__Task objective__
Which lines run from the start of the material below through the line containing "Het perceel waarop"? Retype them exactly, pictures excluded.

__Recorded information__

---+---

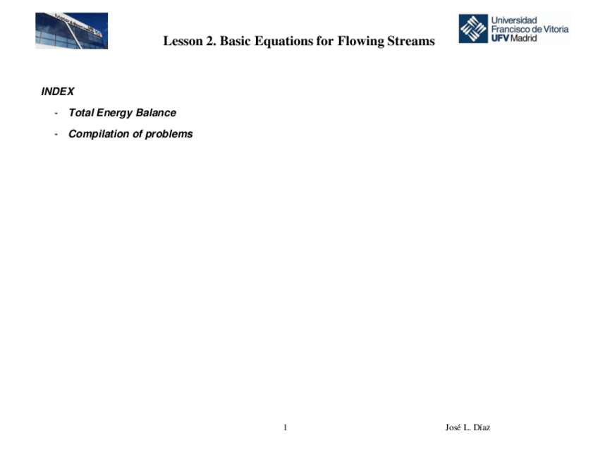 He publicado nuevos apuntes de 3º Mecánica de Fluidos: Lesson 2. Equation for Flowing Streams
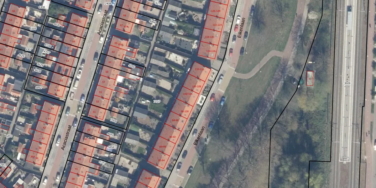 Het perceel waarop Eikenlaan 102 staat heeft een oppervlakte van 7673 m². Dit is een zeer groot perceel. De perceeloppervlakte wordt geregistreerd door het Kadaster. Gedetailleerde informatie over de maten van dit perceel kunt u vinden in het rapport Kadastrale kaart met maatvoering van Eikenlaan 102.
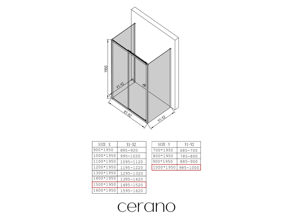 V rámci této série nabízíme širokou škálu rozměrů, abychom uspokojili různé potřeby našich zákazníků. Všechny sprchové kouty, dveře a zástěny značky CERANO jsou plně kompatibilní se sprchovými vaničkami CERANO ve stejných rozměrech, což zajišťuje bezproblémovou instalaci a dokonalé sladění. Sprchový kout lze navíc instalovat flexibilně – buď na odpovídající sprchovou vaničku, nebo přímo na podlahu podle vašich preferencí a možností koupelny.
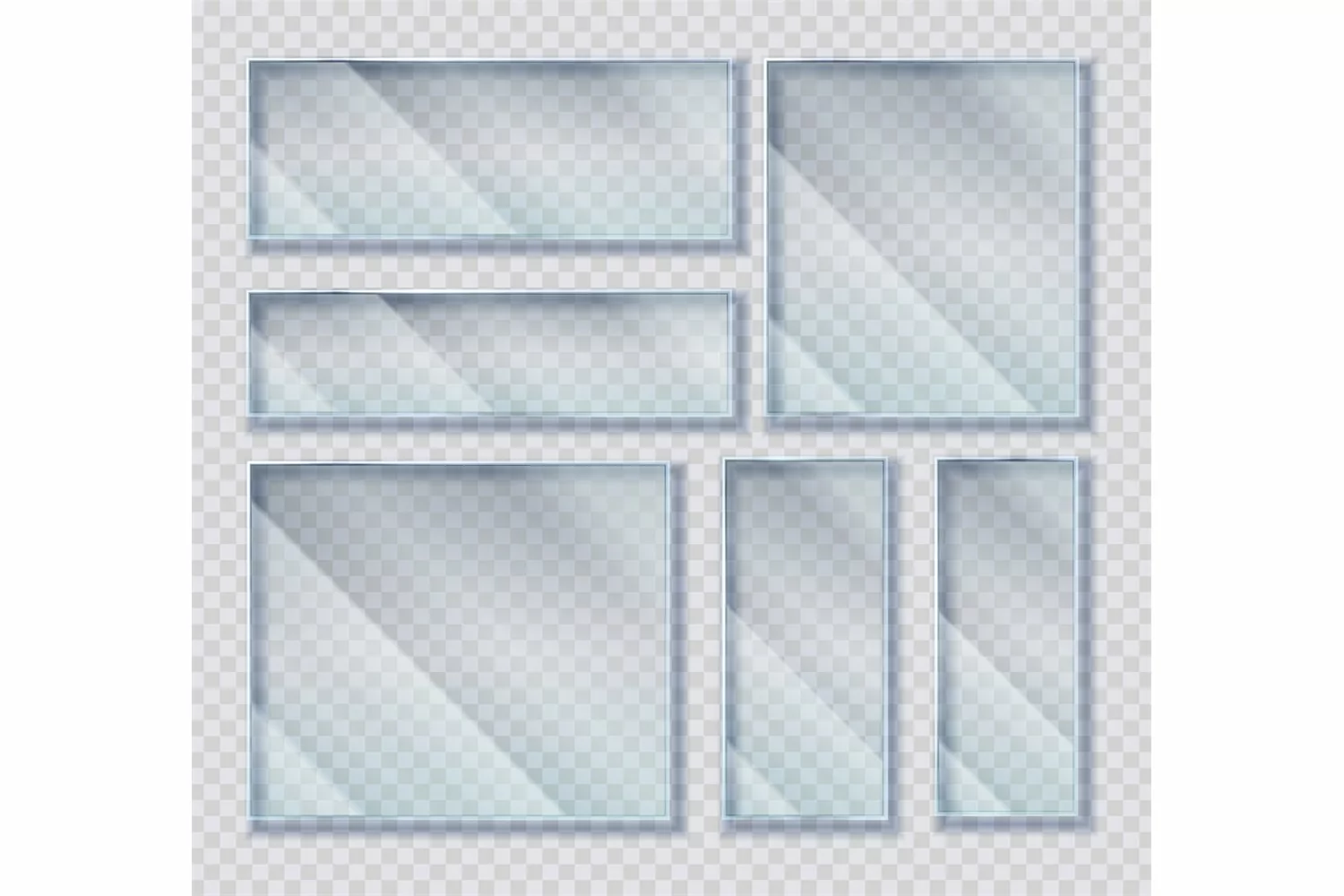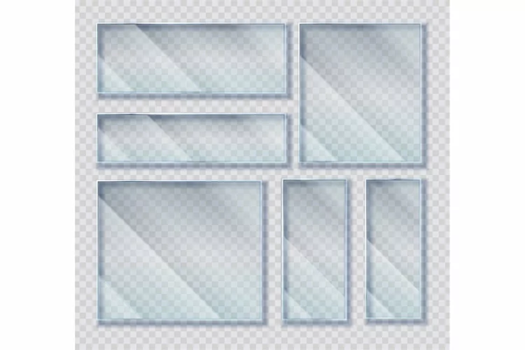 Glass plates set. Acrylic frames banners on transparent background collection, realistic empty square plastic protective screen on wall, picture border template vector isolated advertising mockup

---+---

__Result__
 He publicado nuevos apuntes de 3º Mecánica de Fluidos: Lesson 2. Equation for Flowing Streams
 Het perceel waarop Eikenlaan 102 staat heeft een oppervlakte van 7673 m². Dit is een zeer groot perceel. De perceeloppervlakte wordt geregistreerd door het Kadaster. Gedetailleerde informatie over de maten van dit perceel kunt u vinden in het rapport Kadastrale kaart met maatvoering van Eikenlaan 102.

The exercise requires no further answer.